Director of the Glasgow-based Legal Services Agency, Paul Brown, warned the step “would result in the collapse of access to core areas of civil justice for the most vulnerable in our society”, while Mike Dailly, principal solicitor of the Govan Law Centre, writing on behalf of the Scottish Association of Law Centres, labelled it a “socially regressive proposal that would penalise the most vulnerable and disadvantaged people in our society, taking Scotland backwards in time by more than half a century, to a pre-1950 era when there was no civil legal aid”. Responses have been invited from across the legal profession as well as the Scottish Government and SLAB.
“It’s hugely important that that [wider] scope remains because when you look at all the different areas that affect individuals, they can have a devastating effect on people’s lives,” says Lancaster. “Particularly, if you look at what is being done in England and Wales and what some have talked about here but not us or the government, some of the areas, if you’re looking at things like housing or debt or employment, these are things that really matter in people’s day-to-day lives.
“Again, if you take an employment problem, good advice at an early stage in an employment problem can help resolve that and prevent knock-on effects. So, if somebody is made redundant and they don’t get their redundancy pay or [are] unfairly dismissed, if they’re reinstated that can then prevent knock-on problems in terms of debt and housing debt and all the rest of those issues that then need further advice to resolve them as well as the impact on the individual. I think the UK Government, in looking at England and Wales, maybe thought those were slightly softer targets – but really, those are things that are fundamental to people’s ability to live their lives.”

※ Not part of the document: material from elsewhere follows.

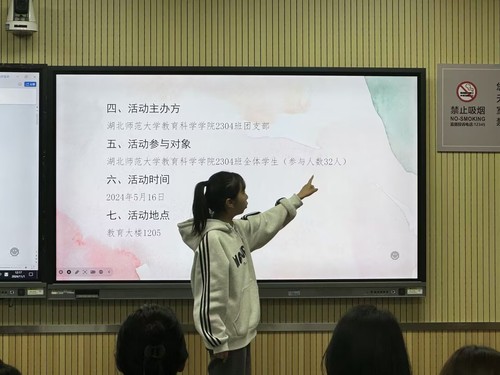 活动伊始,郭苹葳讲解了智慧团建系统的作用以及线上录入的具体操作流程。方李淼就团日活动的开展进行了详细说明, 通过多个活动策划书的实例增进大家对团日活动的理解。并分别说明了团日活动分为的三个部分,即活动策划、活动通讯稿和活动心得,并指出团支书应当注意团日活动材料上交的及时性。最后强调了上交的文件格式,对文本格式进行了要求,主要包括材料的字体、标题、表格等内容,为团组织工作的高效开展提供了具体指导。

Uncertainty still looms over the Scottish Government’s long-term intentions for criminal legal aid. Ministers had pledged to outline their decision on the introduction of contracting in criminal legal aid in October, almost a year on from SLAB submitting its advice. Two months and a ministerial reshuffle later, the profession is still waiting. Likewise, plans for the implementation of criminal contributions remain shrouded in darkness after the scheme, which will see Scots accused of criminal offences – depending on their weekly disposable income – contribute to legal aid costs in summary cases, stalled due to advisory guidance issued by the Law Society to solicitors earlier this year.
“I don’t know how they’ve decided to get round the Law Society’s position on that, but inevitably, there are going to be people who can’t afford what they’re assessed as being able to afford and who will then be unrepresented,” says Solicitor Advocate John Scott, chair of Justice Scotland and the second highest-earning solicitor advocate last year in terms of legal assistance fees.
“I think we’ve seen more of that in England than here and even very senior judges in England have commented quite vehemently just in the past couple of months about unrepresented parties going through the courts and the delays and the expense that that causes. It’s almost as if there’s a message about cutting legal aid, but they ignore the reality which is that by the end of it all, you save neither time nor money because of the allowances that have to be made and the delays caused by people that are representing themselves who don’t know what they’re doing.”